One of the strikers' most sensational tactics involved strikers sending their children out of town. The spectacle of working-class mothers sending their hungry, ill-clothed children away for their own safety infuriated and embarrassed the town leaders and made the strike a national sensation.

Lawrence tried to defeat the strike through sheer repression--bringing 2,000 infantryman with bayonets, cavalry and a small army of hired gunmen and thugs. The city arrested Ettor and Giovannitti after a protest march turned deadly and arrested several more strike leaders after finding a cache of dynamite that had been planted by an agent of the mill owners.

But attempts to behead the strike failed. Three months after it had begun, the mill owners settled, marking the most significant strike victory in the textile industry up to that point and setting into motion an industry-wide increase in wages.

- - - - - - - - - - - - - - - -

AFTER THE Lawrence strike the IWW saw its influence in the American labor movement decline. In part, it was because it lost a bitter strike in Paterson, N.J. But there were more fundamental reasons at work.
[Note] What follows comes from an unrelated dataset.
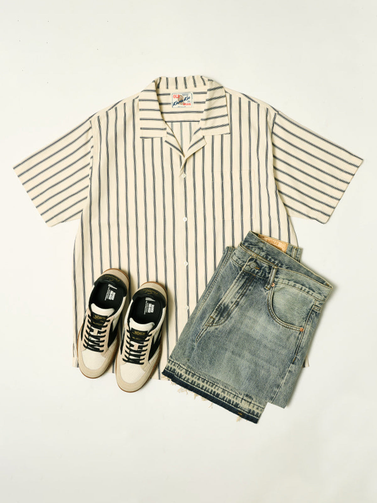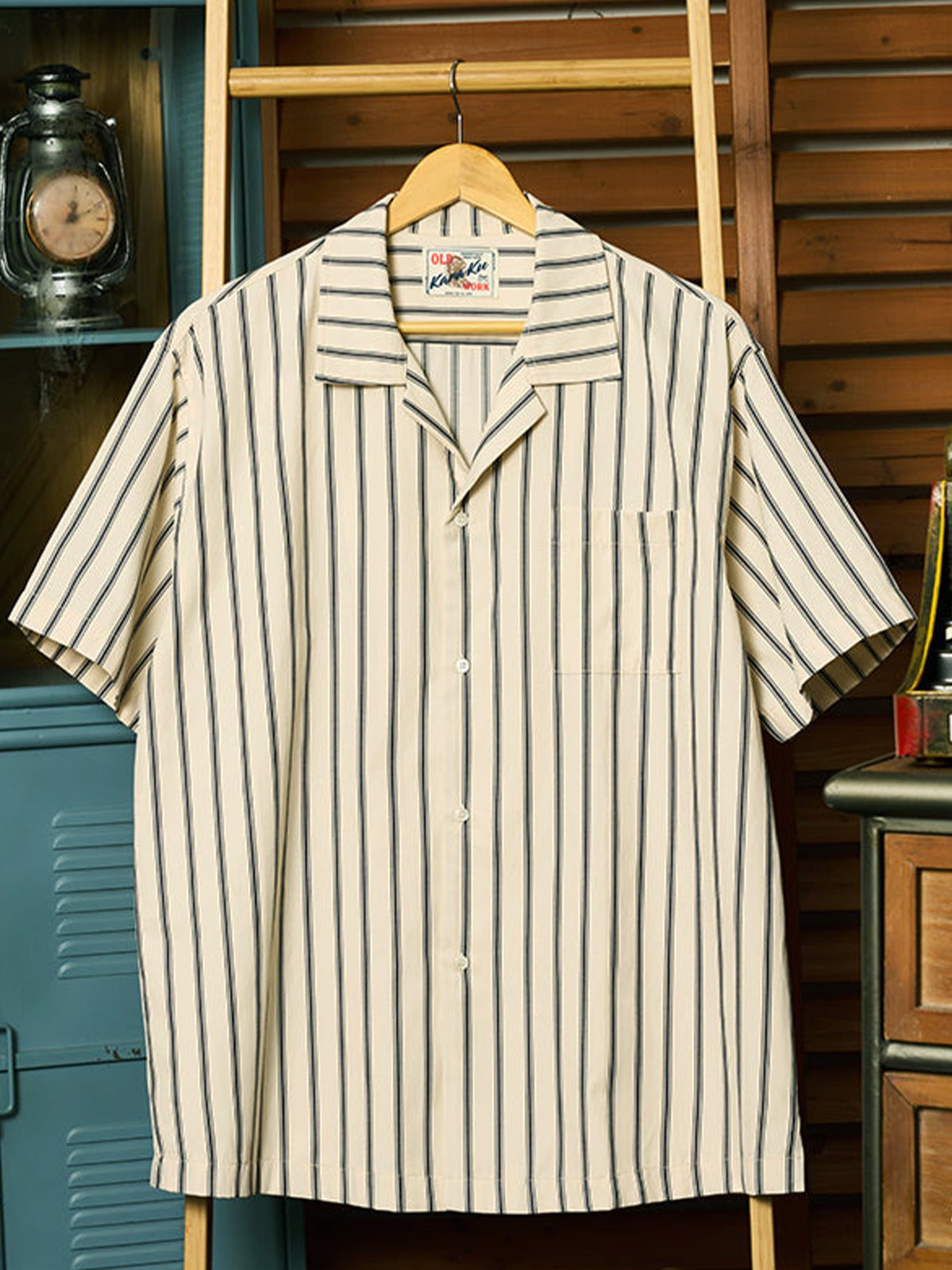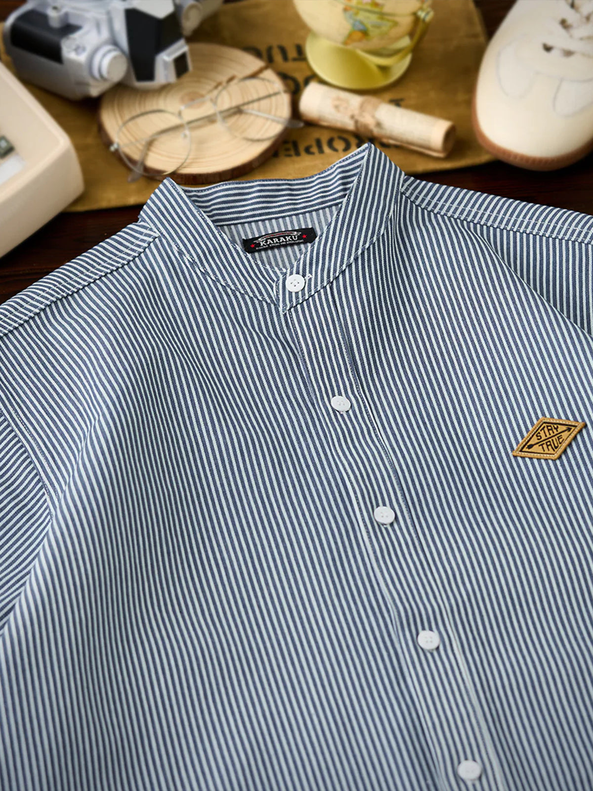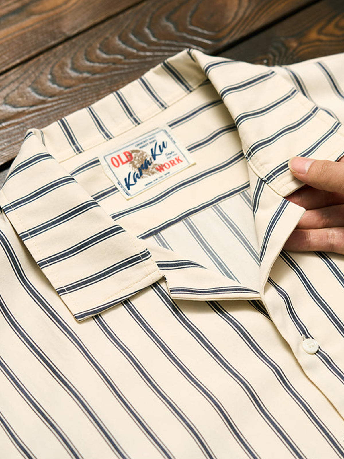 Solid Tricolor Peach Leather Cuban Collar Shirt

On the one hand, the IWW inhabited an odd position, as a union that was also dedicated to spreading a revolutionary message. In practice, this meant that the IWW refused to sign contracts with employers, as a contract was the codified "labor peace" or the acceptance of a certain set of terms (wages, hours, etc.).

The IWW dedicated itself to the continual struggle against the wage system and maintained that strikes, job actions and other forms of class combat were the only means of enforcing working conditions. This proved a more effective philosophy in struggle than in the maintaining of an organization (as class struggle tends to ebb and flow) so that from a high of 16,000 members in Lawrence in 1912, immediately following the strike, the IWW claimed just 700 the following year.

The IWW also faced fierce repression of First World War-era red scare, seeing the arrest of 150 IWW leaders on treason charges. Around the country, IWW offices were smashed, armed vigilantes rounded up strikers, and publications were stopped. Although the IWW continued to exist after the war--and continues to this day--it never again occupied the same central place in the labor struggle.

Nevertheless, the IWW's influence on the American labor movement and the left can't be understated. It contributed a core of unionists who went on to join the Communist Party and lead the industrial struggles of the 1930s. The IWW reminds us that militancy and class struggle are the legacy of our union heritage.

As the words to "Solidarity Forever," the labor movement's national anthem written by IWW member Ralph Chaplin remind us, "In our hands is placed a power greater than their hoarded gold, greater than the might of armies magnified a thousand fold, we can bring to birth a new world from the ashes of the old, for the union makes us strong!"